Automatic Bathroom Fan Switching

It's been a long time since my last post, but I have a legitimate excuse! I bought a house and have been moving in and getting the place comfortable. Then the Christmas holiday came, and I had to move more stuff from my parents' house, then I bought a car so I'll have something to drive while I tear my truck apart. Maybe I'll have pictures of the house and the car in a later post. For now, I must document my first house-related project.

What I wanted was a way to have the bathroom fans run for a set amount of time after I was done taking a shower in order to suck the humidity out and prevent mold from growing in the bathroom (a serious concern in South Florida, which is already a substantially humid area). My options were either turn the fan off when leaving the bathroom and risk high humidity levels, or leave the fan on and waste energy. I figure there was a solution for me out there.

I decided I could program an ATtiny45 to do this job. My goal originally was for the microcontroller to measure how long I had the lights on, and turn the fan on and leave it on for an appreciable amount of time after I turned the light out. It took me a while to hammer out the program, but I learned all about Interrupt Service Routines and some of the registers while I was doing the coding.

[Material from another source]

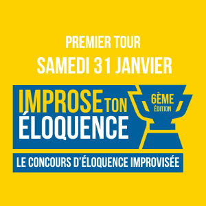 Improse Ton Éloquence est un concours d'éloquence en 4 tours encadrés par des jurés bienveillants, et mettant au défi la capacité d'improvisation des participants, avec des discours de moins en moins préparés au fil des étapes. Le premier tour du concours aura lieu le 31 janvier.

I used an old cell phone charger to get 5V DC from the 120 AC in the gang box. Luckily the electricians who wired my house ran the neutral to the gang box as well, otherwise this project would have been shot. Without the neutral wire, this would have tripped the house-wide GFCI every time the light or the fan in the bathroom was switched on. That would have been inconvenient. Additionally, using the cell phone charger is great for power efficiency; when neither the light nor the fan is on, I do not have the tools sensitive enough to measure how much power it uses (meaning less than 5 mW are consumed when it is idling). When both are on, the whole thing uses only about 3.5 watts (but presumably saves me a lot of money over simply leaving the fan on).

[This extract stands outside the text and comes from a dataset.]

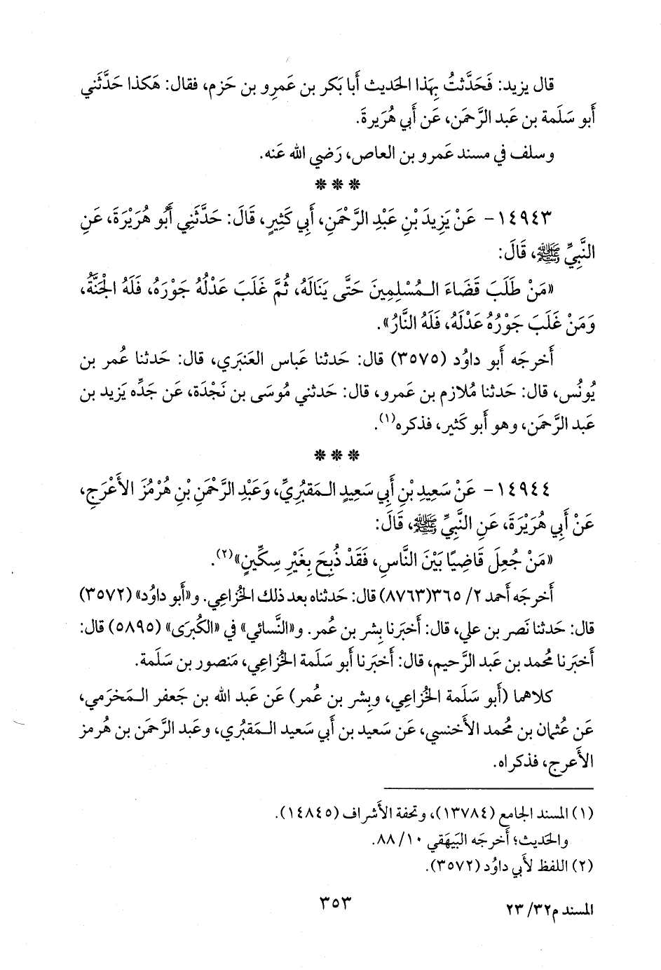 ١٤٩٤٤ - عن سعيد بن أبي سعيد المَقبُري، وعبد الرَّحمَن بن هُرمُز الأعرج، عن أبي هريرة، عن النبي صَلى الله عَليه وسَلم قال:

I used timer interrupts to crudely measure how long the light had been on, and a rising edge interrupt on  one of the pins to toggle the fan (in case it was on, turn it off if you wanted, or vice versa). I decided on 90 seconds for the light to be on before the fan gets turned on (to allow for bathroom activities that are NOT showers) and an hour and a half of fan run time after the light turns off.

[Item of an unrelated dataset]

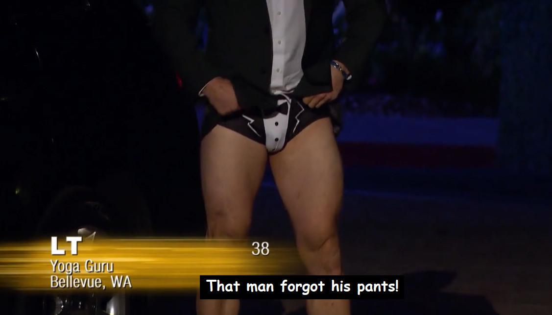 L.T., a yoga guru, arrives with his junk just absolutely everywhere. That is not what “Black Tie Optional” means, babe!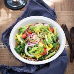 In large bowl, place kale and drizzle with 1 Tbsp oil; using fingertips, rub oil into leaves to soften. Add Romaine, radicchio, endive, cucumber, carrot, tomatoes, radishes, apple slices, and sweet onion, separated into rings.

Trying to squeeze everything into the gang box without making too many modifications. I had to trim two of the wires down that lead to the fan, which hopefully won't be that hard to fix if I ever decide to sell the house and take this monstrosity with me.

Hooking up the switch for the light, which now no longer switches 120V AC. It now is only a logic switch for the microcontroller to tell the program to turn the relay on that is connected to the light. I wanted to use some of the original hardware though.

(Almost) finished. Those two wires will be attached to the toggle button for the fan. For now it works just fine without. I'm planning on using some bondo to modify another face plate to accept the new switch. The best part about this project is that now that I am done, I allowed myself to buy the parts from Digikey that I need to build something I've wanted to build for a long time. I had to finish this one first before starting on it though, and everyone knows how much I disapprove of programming. So I had to give myself some incentive. But hey!